また実際に、テーピングひとつでフットワークが変わることもあるし、パンチの当たる面積をタイトにして効かせる方法、相手の攻撃を喰らった場合のダメージを軽減する方法まで、「一般化できないノウハウ」は結構ある。

「試合2週間前に足底筋断裂したんですけど、なんとか試合に勝ちたいんで」みたいな依頼がしょっちゅうあって。

そういう無茶振りのケースになんとかこたえようとしてきたので、ハードワーカーのための医療知識や医療技術は、僕それなりに蓄積している気がする。

ミュージシャンのツアードクターの目的は、疼痛や不安を感じずに演奏に集中できる状態にもっていくことだ。

ミュージシャンの場合は、急性期的な受傷よりも、慢性的なダメージの蓄積がハンパない。

腱鞘炎に悩むドラマー、上肢や肩に疼痛を抱えるベーシスト、両手指の変形性関節症のキーボーディストなど、

「それだけ練習して、レコーディングして、ツアーに出てたら、治る暇も予防する暇もないよな」

というような職業病感が半端ない。しかも基本キャンセルは効かない仕事でもある。いくら好きだからといっても、「代わりの効かない仕事」である重圧も半端ないだろう。

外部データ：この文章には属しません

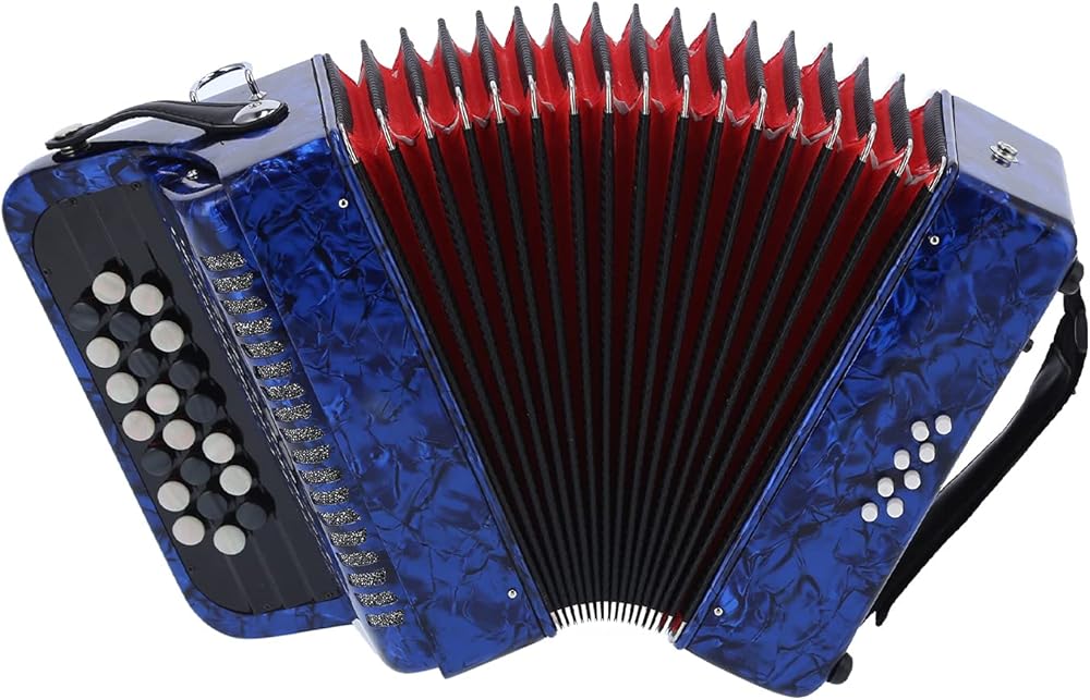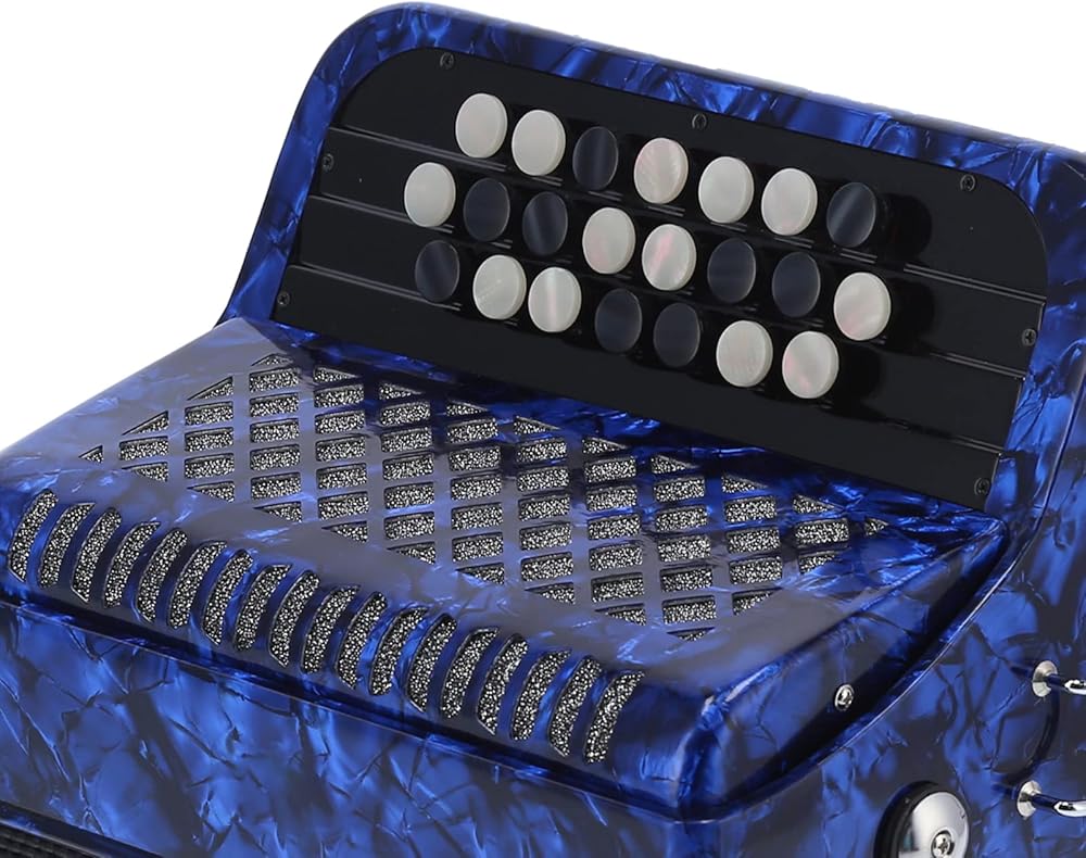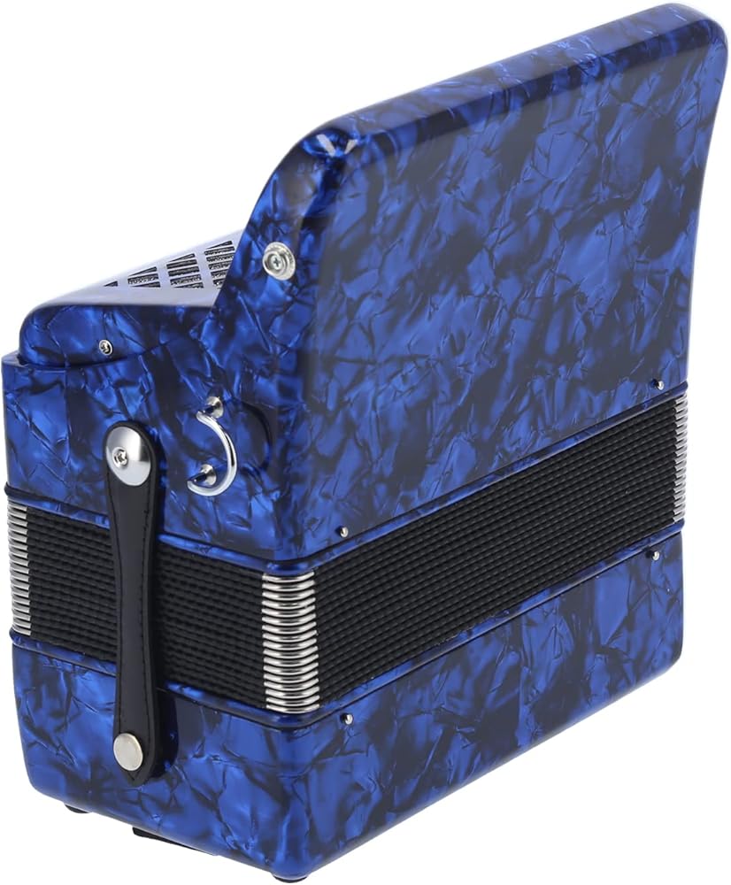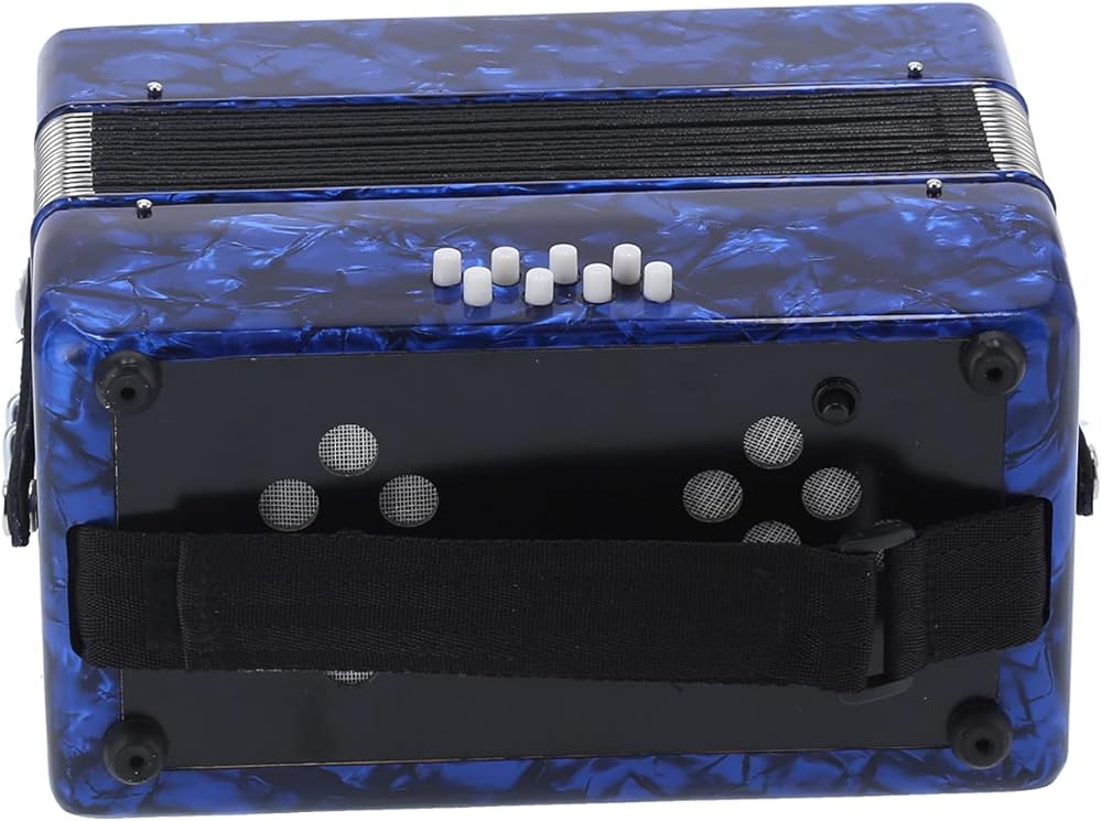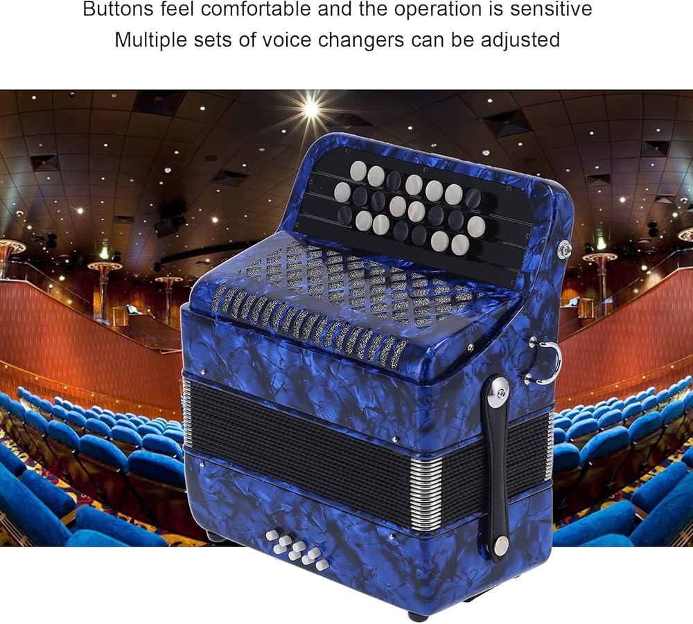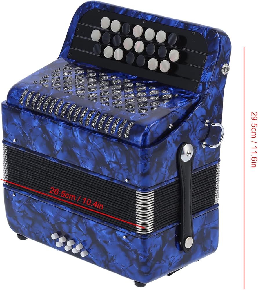 【GOOD SOUND QUALITY】The 22 key 8 bass professional accordion made of high quality ABS, wood, metal and other materials, keeps the sound integrity to the greatest extent and produces a pleasant and mellow sound that is soothing to the ear. bright color, beautiful appearance, exquisite workmanship, ergonomic design, flexible and easy to use.
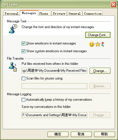Messenger 6.0必須在個人選項(xiàng)中進(jìn)行設(shè)置后才可以自動保存聊天記錄,默認(rèn)是不支持的。

このようにファイターも、ミュージシャンも、ハードさや受傷起転に違いがあるだけで、「身体を酷使して他者に感動を与える」という部分では共通点も多い。

だから

・身体が変形するほどやり込まないと、上には行けない。
・身体を壊してしまったら、上には行けないどころが、継続が危うい。

というジレンマの中に身を置いているのも事実だ。

今年は、演劇のサポート・ドクターとして、カクシンハンのリハや本番のサポートドクターの機会をいただいた。俳優さんならではのフィジカルのダメージや特性について、学ぶことが非常に多かくて勉強になりまくっている。

そのうちまとめて記事にしたいと思うが、やはり「己の身体で勝負する」って、ホント、尊いことをやっているなぁ、と改めて感嘆している。